Хряк, словно нехотя или раздумывая над каждым своим шагом, двинулся вперед.
— И глупо! — добавил Степан. — Свинья — агент.
Похоже, это и стало последней каплей для несчастного Самсона, который никак не мог взять в толк, за что на него все разом ополчились. Он рванулся к вмятой в грязь эфорамки, и, визжа, взялся топтать ее передними копытами, словно мстя за все обиды. А может, так оно и было на самом деле.
— Гениально! — всплеснул я руками и хлопнул в ладоши.

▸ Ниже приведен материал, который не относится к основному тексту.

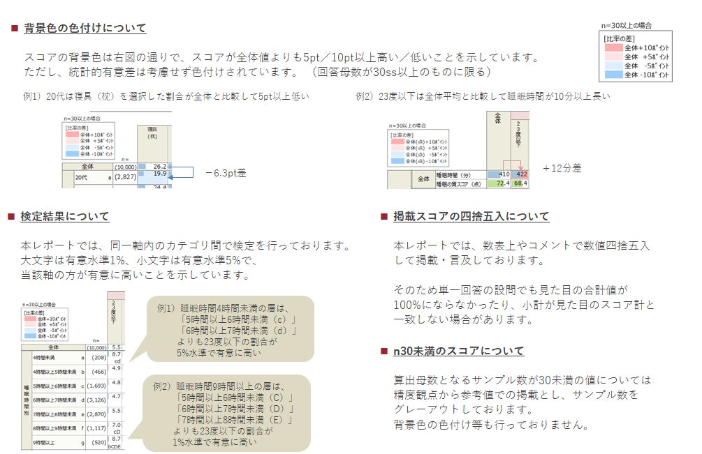 ※集団間の睡眠偏差値、スコアの比較においては、一元分散分析、あるいはt-検定を行い、有意水準5%以下を統計的に有意な差と判定し記載しました。
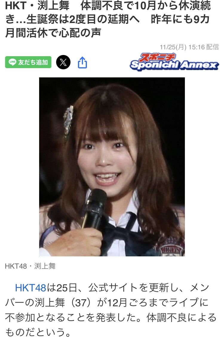 HKT48は25日、公式サイトを更新し、メンバーの渕上舞(37)が12月ごろまでライブに不参加となることを発表した。体調不良によるものだという。
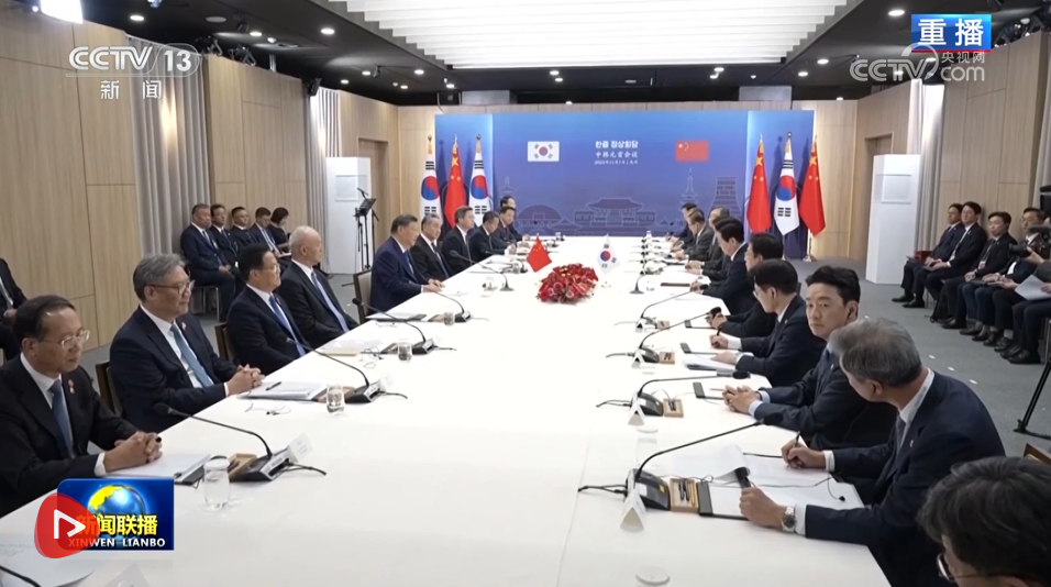 當(dāng)?shù)貢r(shí)間11月1日下午,韓國(guó)總統(tǒng)李在明同中國(guó)國(guó)家主席習(xí)近平在慶州博物館舉行會(huì)談。
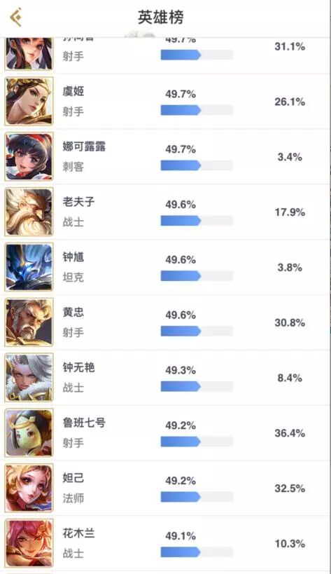 在上个赛季的时候,长城小队除了花木兰外,其他所有人的胜率都不能看。
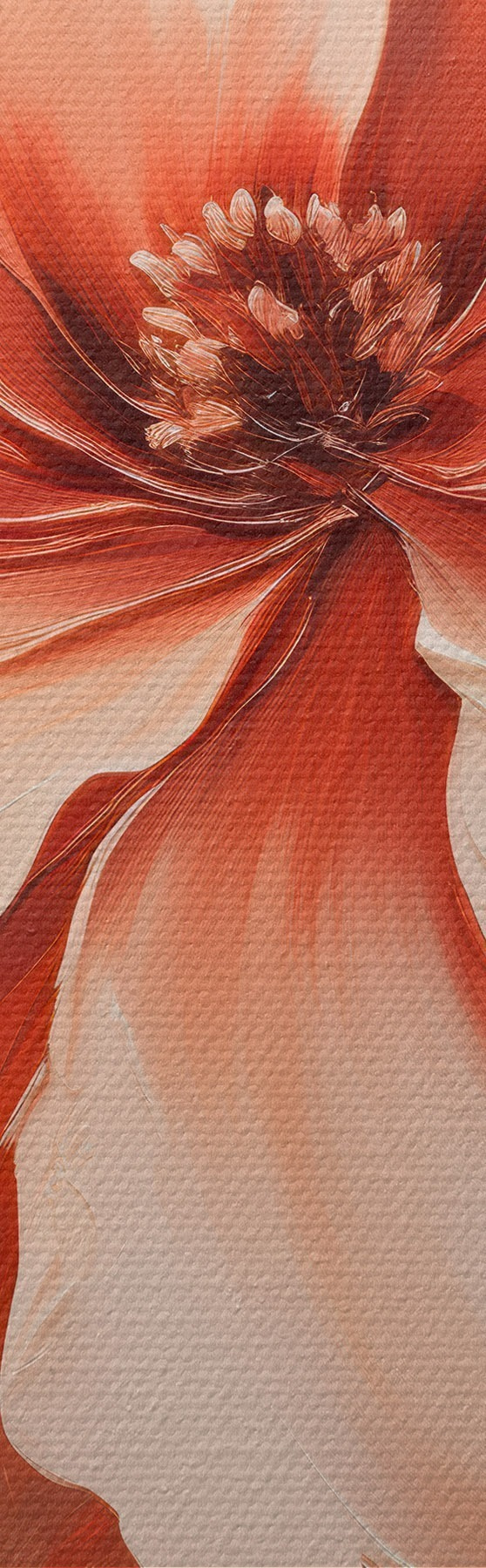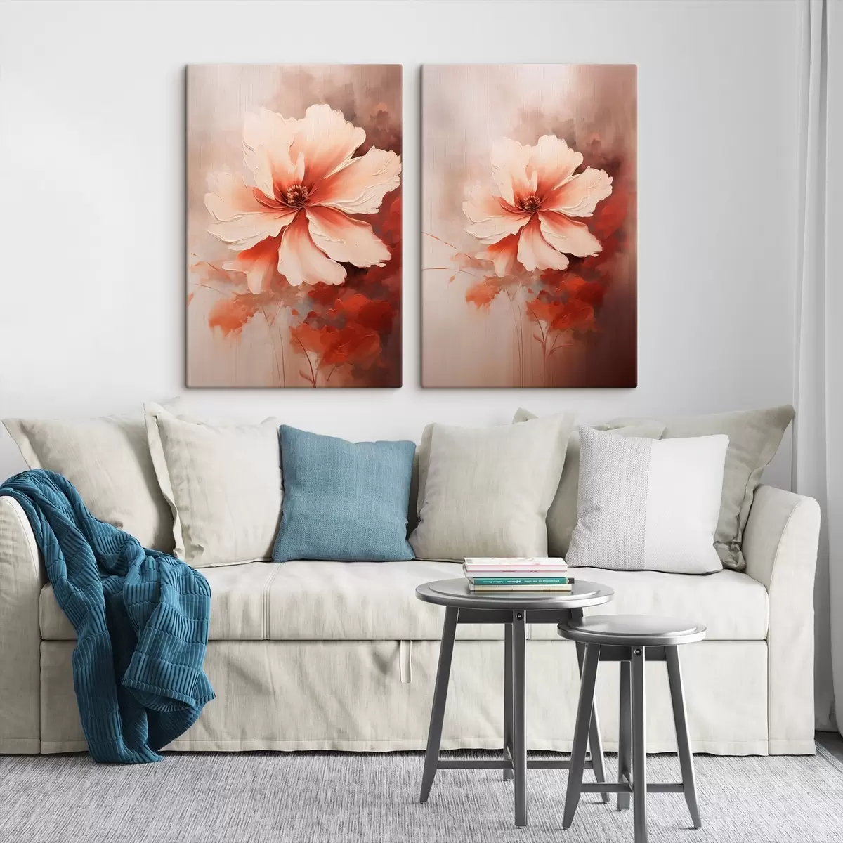 Tableau Composition florale : pétales blancs et crème, accents corail et fond brumeux délicat. Nr m01088
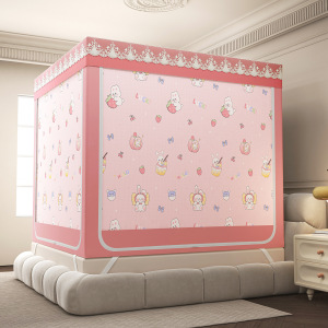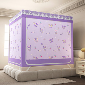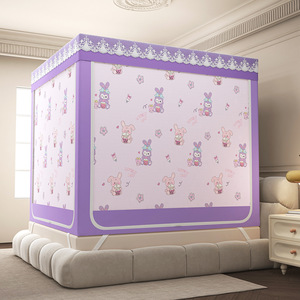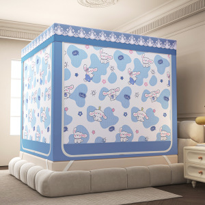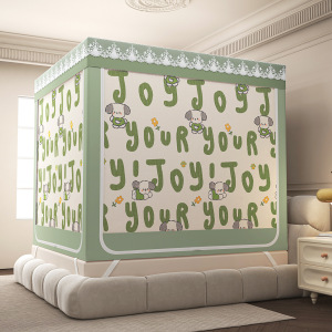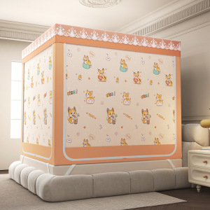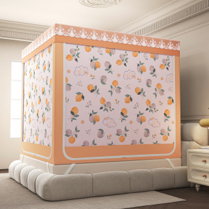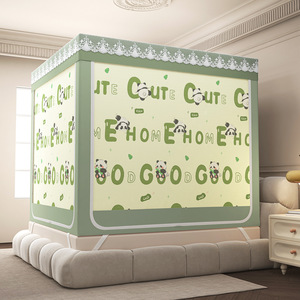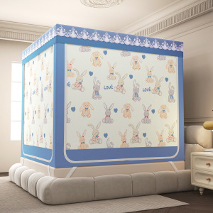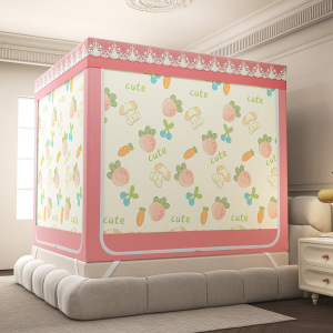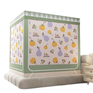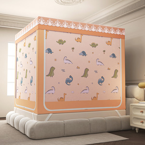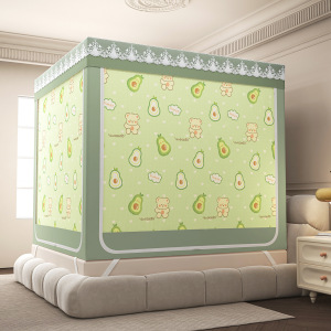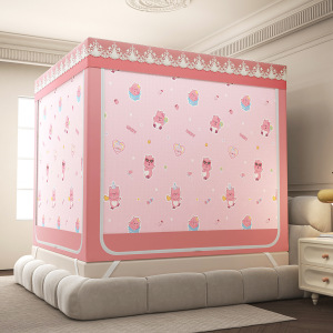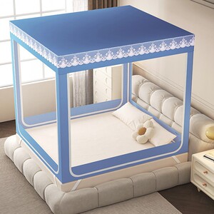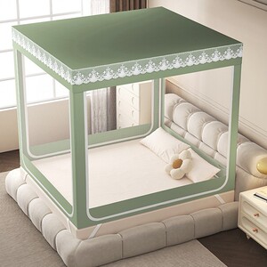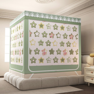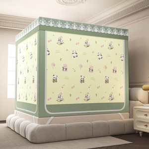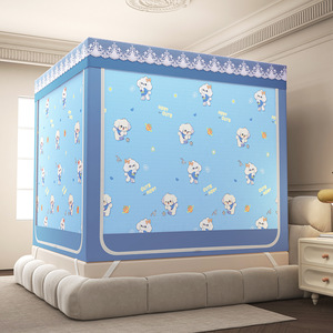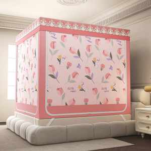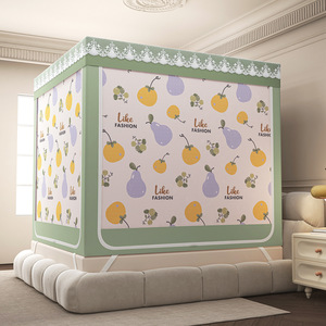 2025年新作プリントレース遮光カーテン付きベッド型蚊帳、家庭用寝室プライバシー保護、1.5m/1.8mベッド用
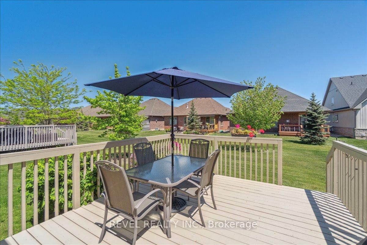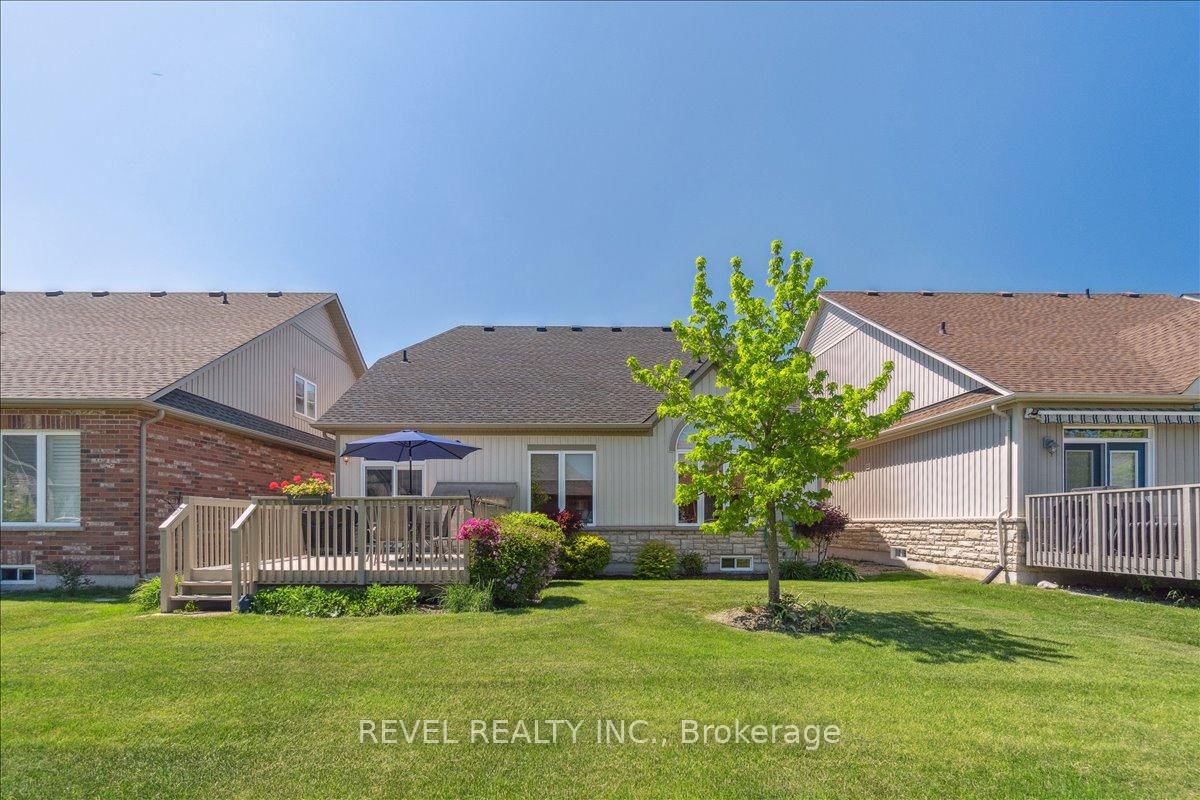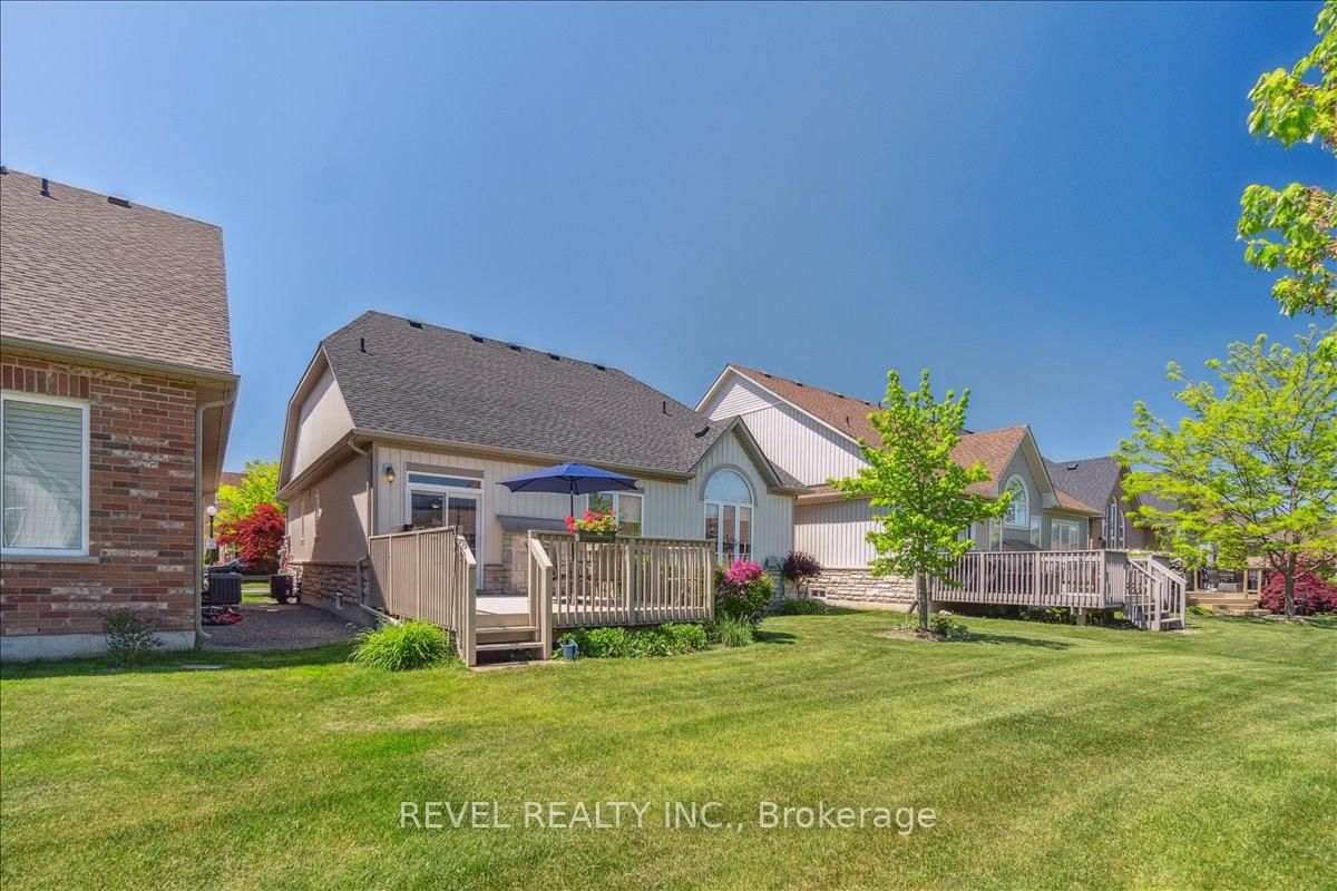 Welcome to this exceptional 1,370 sq ft bungalow featuring 2 bedrooms, located in one of Niagara's premier active adult lifestyle communities by Luchetta Homes. The Bungalow on 68 Galloway Trail has 2 bedrooms, 2 bathrooms, and is located on a 129 x 46 ft lot in the community of Hwy 406/Welland . Ideally situated near the Welland River & Canal, this home offers both convenience and a picturesque setting. Great curb appeal on this 46 x 130 ft lot, complete with a double car driveway and meticulously manicured landscaping. Step inside to a spacious foyer that flows seamlessly into the kitchen, offering ample space for all your culinary needs. The kitchen is beautifully appointed with granite countertops, a center island, decorative backsplash, latte cabinetry, stainless steel appliances, pot lights, and an open-concept layout overlooking the dining and living areas with a cozy fireplace. The spacious primary bedroom is inviting, featuring high ceilings, a large walk-in closet, and a 3-piece ensuite with a glass shower and granite vanity. The second bedroom offers direct access to a 4-pc bathroom, ideal for guests. This home has also been recently painted and features newer flooring in the bedrooms, adding a fresh, modern touch throughout. The main floor includes a generous laundry room with direct access to the garage for added convenience. The lower level offers a blank canvas, providing ample space for customization and additional storage to suit your needs. Step outside to a tranquil backyard retreat with a deck, perfect for relaxing and enjoying the peaceful surroundings. Residents of this exceptional community enjoy access to a variety of amenities, with a monthly fee of $300 that includes grass cutting, snow removal, Clubhouse with indoor pool, hot tub, sauna, outdoor tennis courts, library, and gym, along with grass cutting, snow removal, and a monitored alarm system. Updates include: A/C & Furnace (2021), Roof (2019), Water Softener (2022).
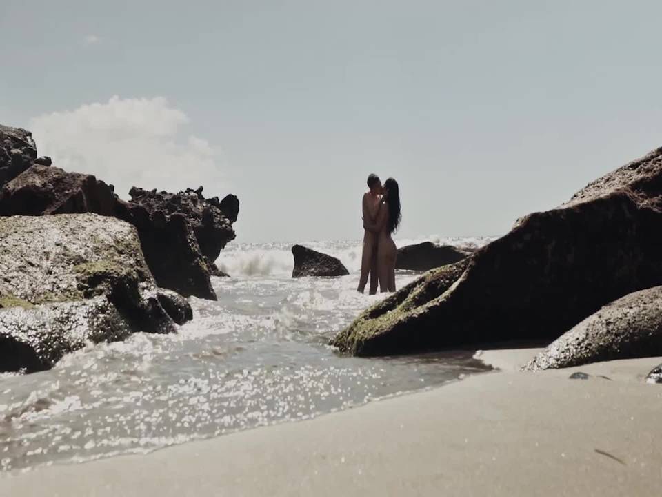 Nue, main dans la main, il se promène et s'embrasse sur une plage. Que c'est romantique. Je vous rassure, ils vont bien se chauffer avant de faire l'amour.
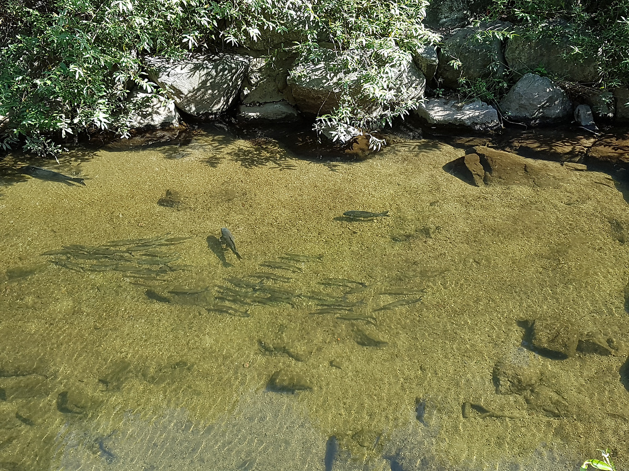 팔뚝 만한 잉어들이 느긋하게 유영을 즐기고 물위로 뛰어오르는 피라미떼들이 햇빛에 반사되어 반짝이는 모습은 정말 감동스런 장면이다.

Затем вытащил из кармана еще одну морковку и протянул хряку. — Умничка, Самсон. Заслужил.
Довольно похрюкивая, огромный свин принял подачку, а как только прожевал, вновь набросился на эфорамку, полагая, что за подобный пустяк, не стоивший ему особых усилий, его по уши завалят лакомствами.
— Э, не-ет! — поводил я пальцем перед его пятачком. — Это слишком просто. А теперь главное. Слушай и запоминай.
Хряк навострил уши. Уж больно ему хотелось полакомиться аппетитной морковкой.
Я снял с шеи Степана эфорамку и продемонстрировал ее Самсону.
— Эфорамка — плохо! — затем показал морковку. — Морковка — хорошо! — Опять показал эфорамку. — Плохо. — И морковку. — М-м, вкуснотища! — И рамку.
Зубищи хряка клацнули, но я успел отдернуть руку с эфорамкой раньше, чем она превратилась в жеваный пластик.
— Видел? — с видом победителя повернулся я к Степану.
— Здорово! — невольно восхитился тот. — А ну, еще раз.
Я поднес прибор к нервно подрагивающему пятачку Самсона. Хряк дернулся вперед не хуже натасканной легавой, но я опять успел среагировать раньше. А чтобы закрепить приобретенный навык, подсунул Самсону совсем маленькую морковку.
— На, заслужил.
Хряк остался недоволен подачкой, и возбужденно сучил копытами, сгорая от желания получить нечто более существенное.
— А теперь так: ты, Степа, надеваешь рамку на голову, а Самсон…
— Ты чего, умом тронулся? — Степан повертел пальцем у виска.
— А что такое?
— Да он же мне голову оторвет!
— Не, разве что помнет немного. Надевай.
— Да не буду я это одевать! Сам надевай, — Степан решительно отпихнул мою руку.
— Да ты чего, Степа? Во-первых, я дрессировщик — мне нельзя. А во-вторых, я должен видеть все огрехи и выправлять их.
— Все равно не буду, — уперся Степан отворачиваясь.
— Вот как так можно работать, а? — спросил я у Самсона.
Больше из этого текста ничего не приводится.